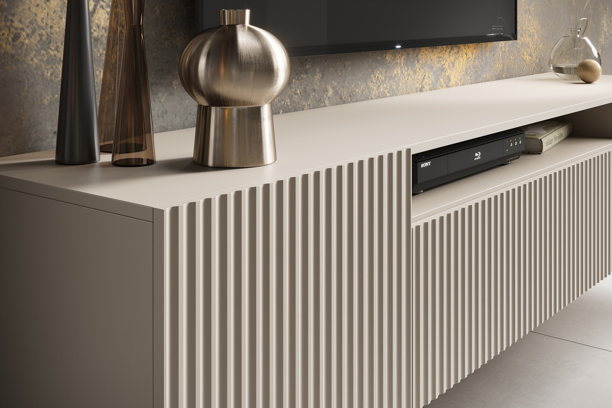 RTV Noemi je moderní, elegantní a funkční televizní skříňka, ideální pro použití v moderních interiérech. Jeho unikátní vlastností je drážkované provedení, které dodává nábytku charakter a texturu. Skříňka byla navržena tak, aby obsahovala vhodné přihrádky a police pro uložení různorodého elektronického vybavení, včetně televize, set-top boxu, herní konzole a mnoha dalších.
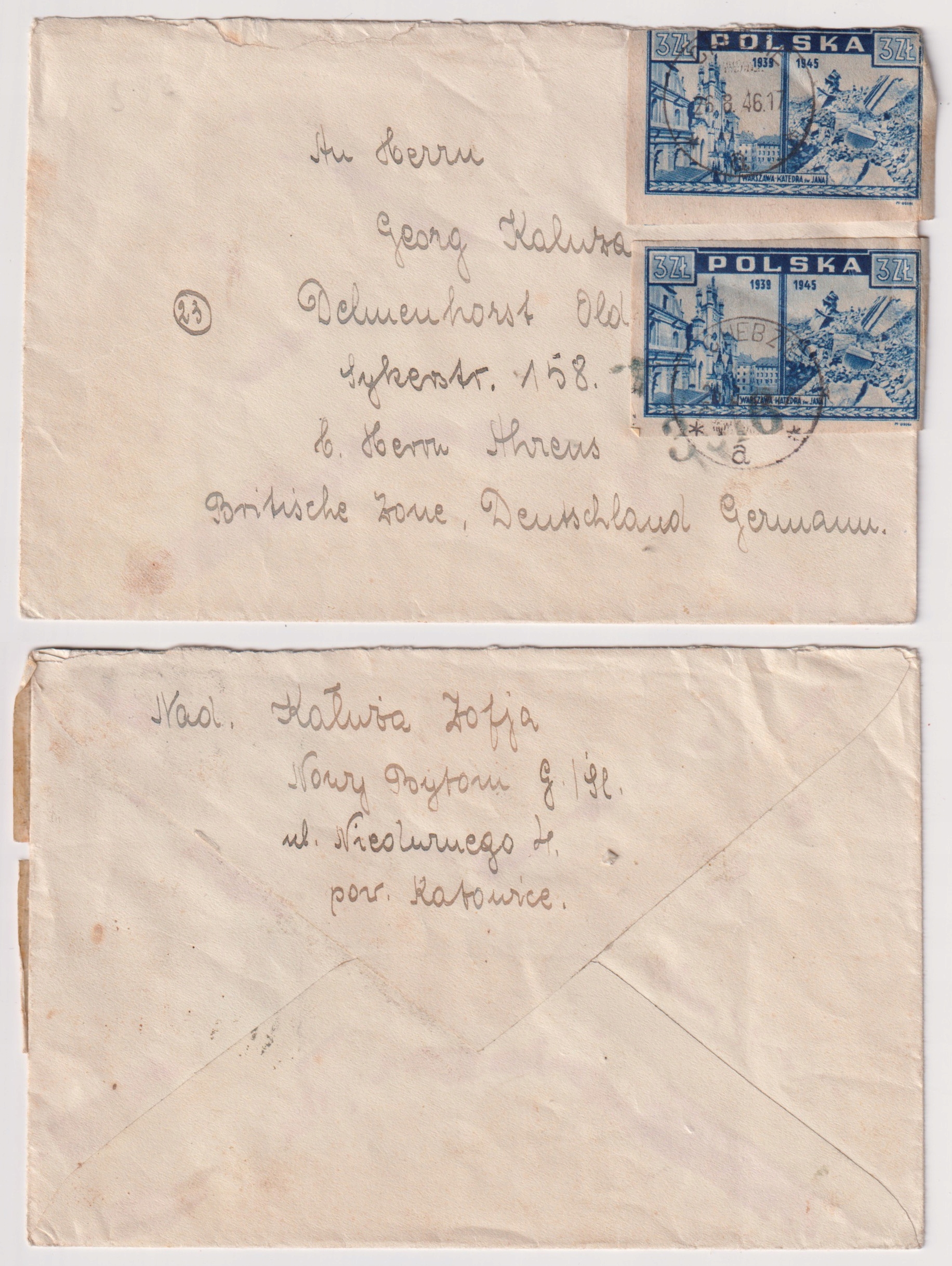 1945 CHEBZIE (NOWY BYTOM) list do brytyjskiej strefy okupacyknej
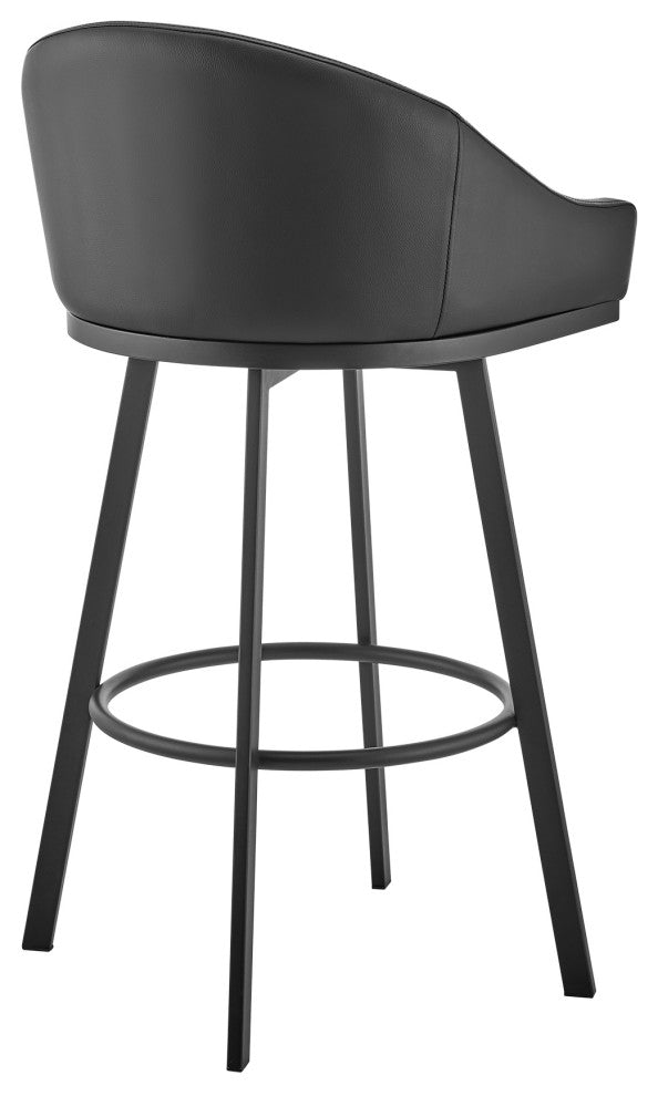 Noran Swivel Bar Stool in Black Metal with Black Faux Leather
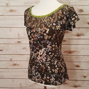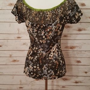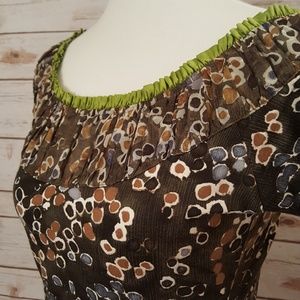 Gorgeous! Beautiful print featuring white, blue, brown, black accented with a gorgeous green silk neckline! 100% Silk sheer detailing around the top (front and back) adds that extra special detailing Etcetera is known for! Est 17" PTP, 19" Length. Main fabric content is 94% Rayon, 6% Spandex.
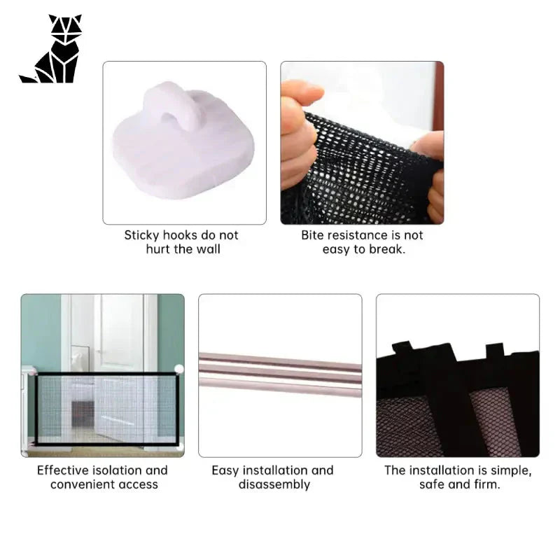 Beskrivelse : Som hundeejer ved du, at det nogle gange er nødvendigt at beskytte visse områder af dit hjem mod hundens udforskninger. Med sit innovative netdesign tilbyder vores barriere en god synlighed, der gør det muligt for dig at holde øje med din hund, mens du holder den væk fra afgrænsede områder. Uanset om det er for at undgå uheld i køkkenet eller blot for at beskytte dit dyrebare møbel mod nysgerrige kløer, er denne barriere ideel for dig.
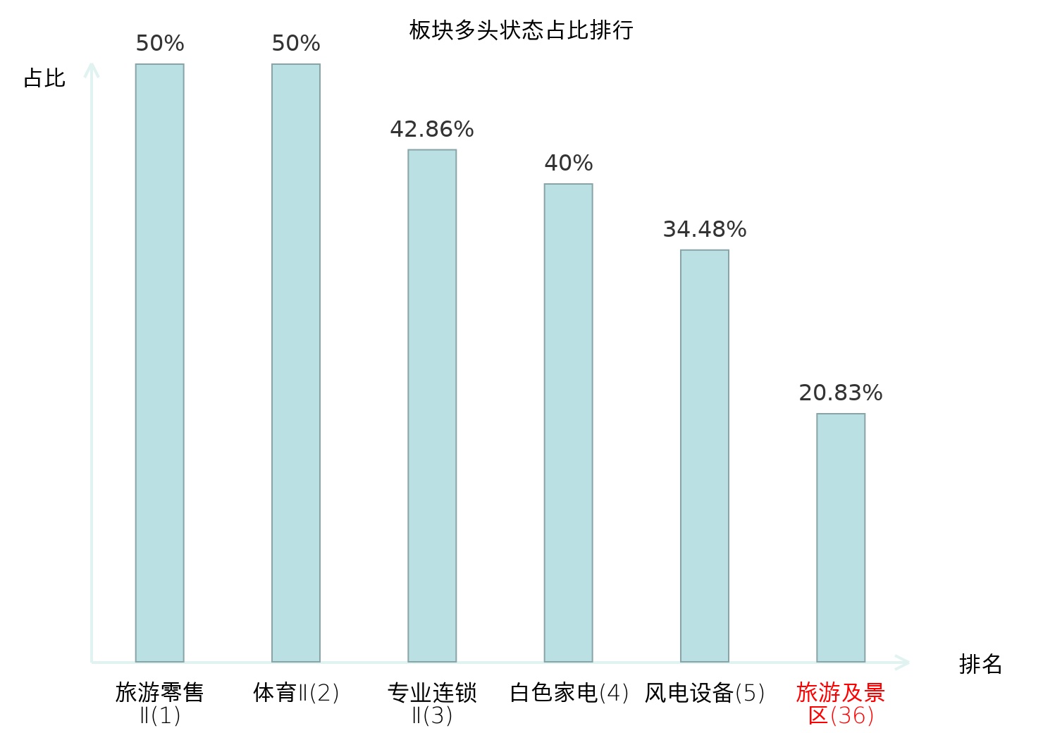 全市场所有行业板块中主力多头状态占比排名中,旅游零售Ⅱ板块位居第一。能源金属板块名次提升最快,较昨日上升50位。
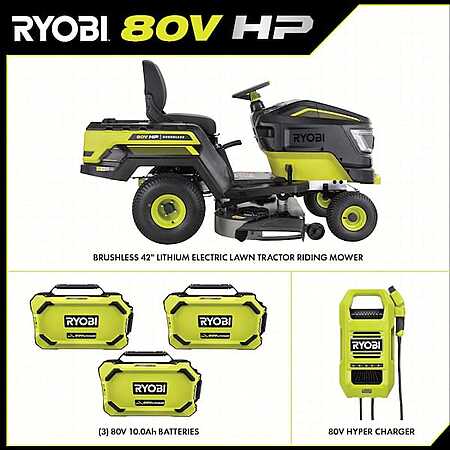 80V HP Brushless 42 in. Battery Electric Cordless Riding Lawn Tractor with (3) 80V 10Ah Batteries and Charger $2999
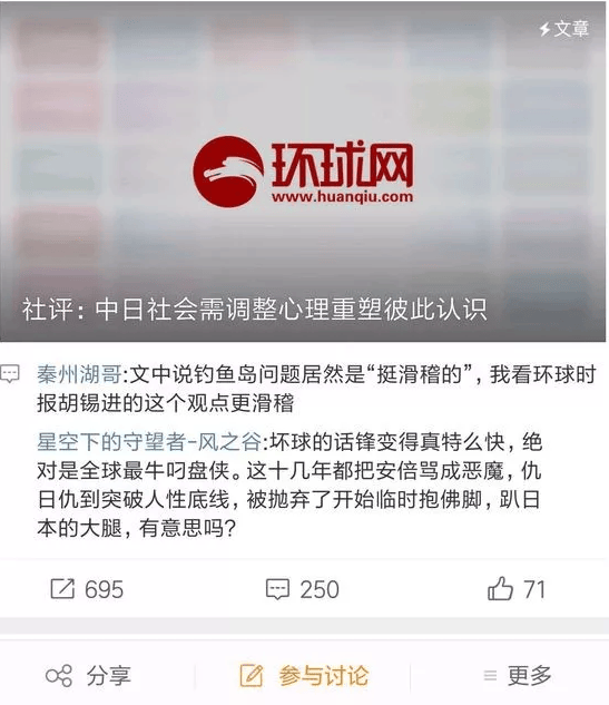 針對《環時》的社評把中日關係惡化的原因歸結為日本右翼〝挑事〞的説法,網名為〝小可〞的作者撰文反問道,〝什麼?日本右翼‘鬥志昂揚’的原因,竟然是中日社會沒有淡化歷史?!
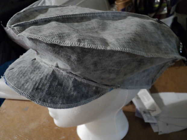 Marque el centro de la pieza de borde de referencia. Ser hasta la parte central del sombrero. Serge alrededor para fijar la pieza del ala del sombrero.
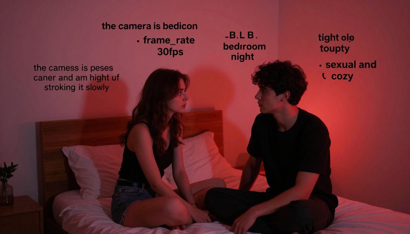 A cinematic portrayal of a couple in a cozy, dimly lit bedroom, exploring intimacy with nervous energy.
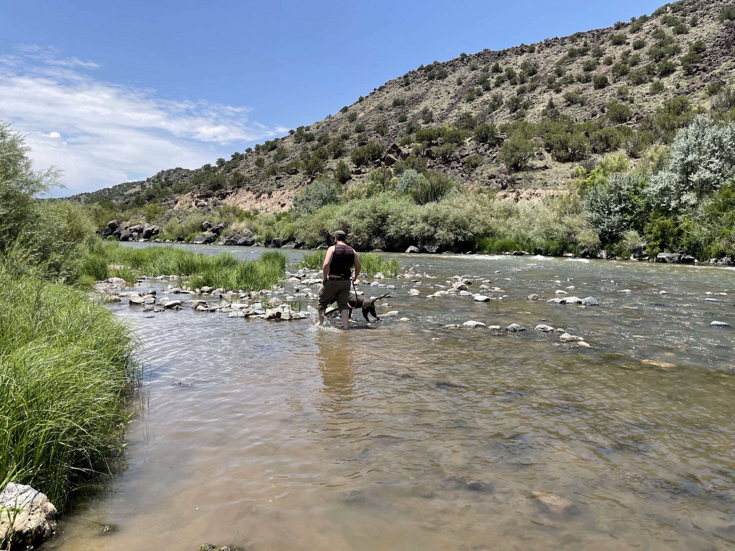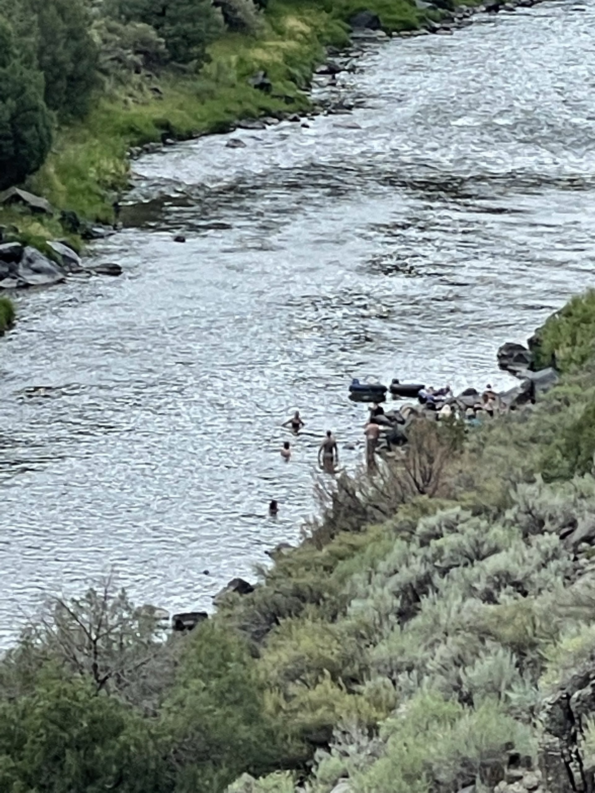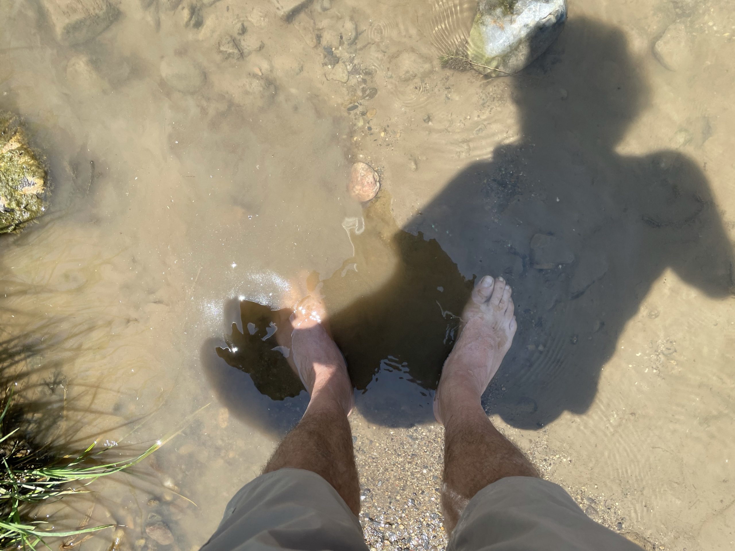 The road was hot and dry… We stopped a little bit at the Rio grande To cool our feet
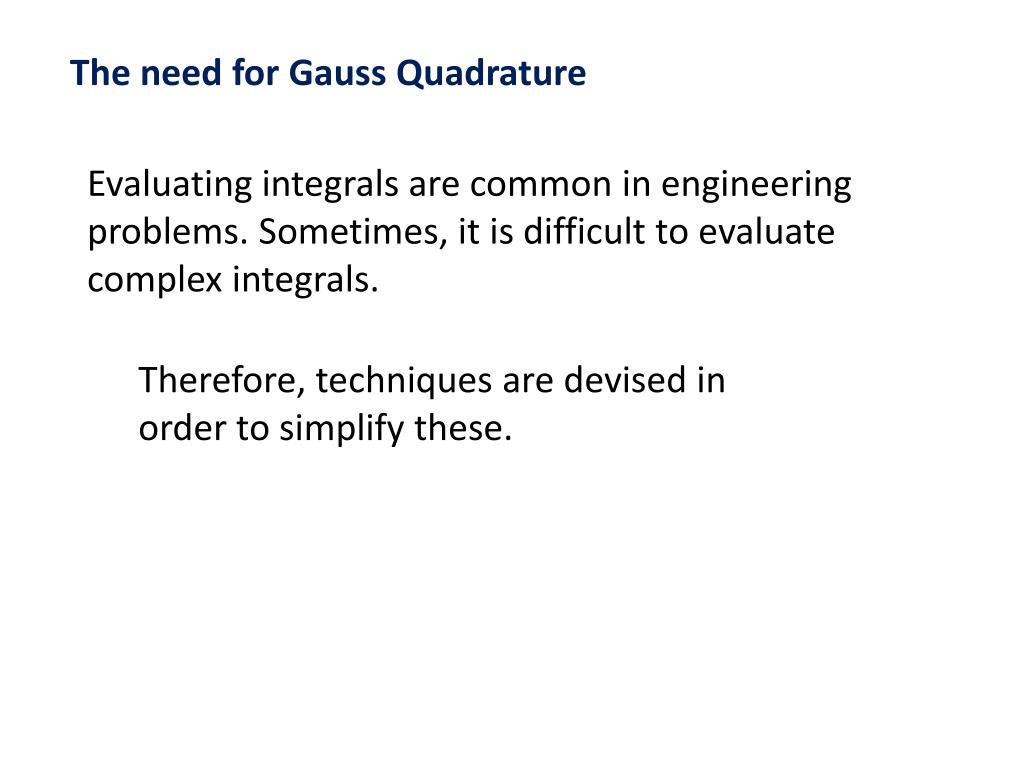 The need for Gauss Quadrature Evaluating integrals are common in engineering problems. Sometimes, it is difficult to evaluate complex integrals. Therefore, techniques are devised in order to simplify these.
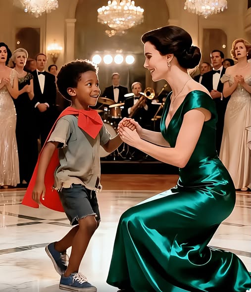 Outside the gala, on the cold stone steps, sat a young boy named Jamie. His clothes were worn, his shoes barely holding together, and his eyes watched the world with quiet hope. Every night, Jamie danced on the sidewalk for coins, dreaming that one day someone would notice him.
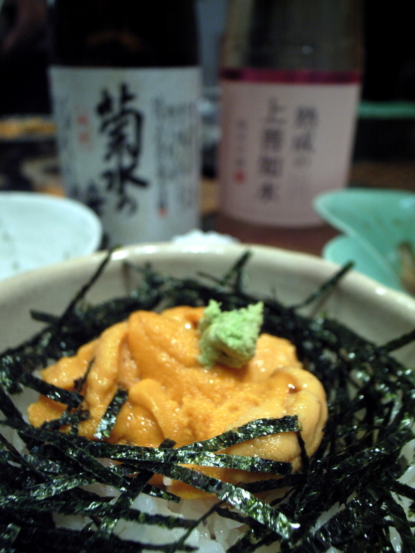 漢の粋さんに「ゲンさん、うまいウニ食いましょう」とお誘いを受け、ご飯と生山葵と泡を持参で駆けつける。ミョウバンを使わない塩水で保存された、積丹の赤ウニ。

━━━━━━━━━━━━━━━━━━━━

**About this task**:
Look above for the line with "1945 CHEBZIE (NOWY", then give again exactly every line from there through the line with "Gorgeous! Beautiful print", skipping the pictures.

**Response to the exercise**:
 1945 CHEBZIE (NOWY BYTOM) list do brytyjskiej strefy okupacyknej
 Noran Swivel Bar Stool in Black Metal with Black Faux Leather
 Gorgeous! Beautiful print featuring white, blue, brown, black accented with a gorgeous green silk neckline! 100% Silk sheer detailing around the top (front and back) adds that extra special detailing Etcetera is known for! Est 17" PTP, 19" Length. Main fabric content is 94% Rayon, 6% Spandex.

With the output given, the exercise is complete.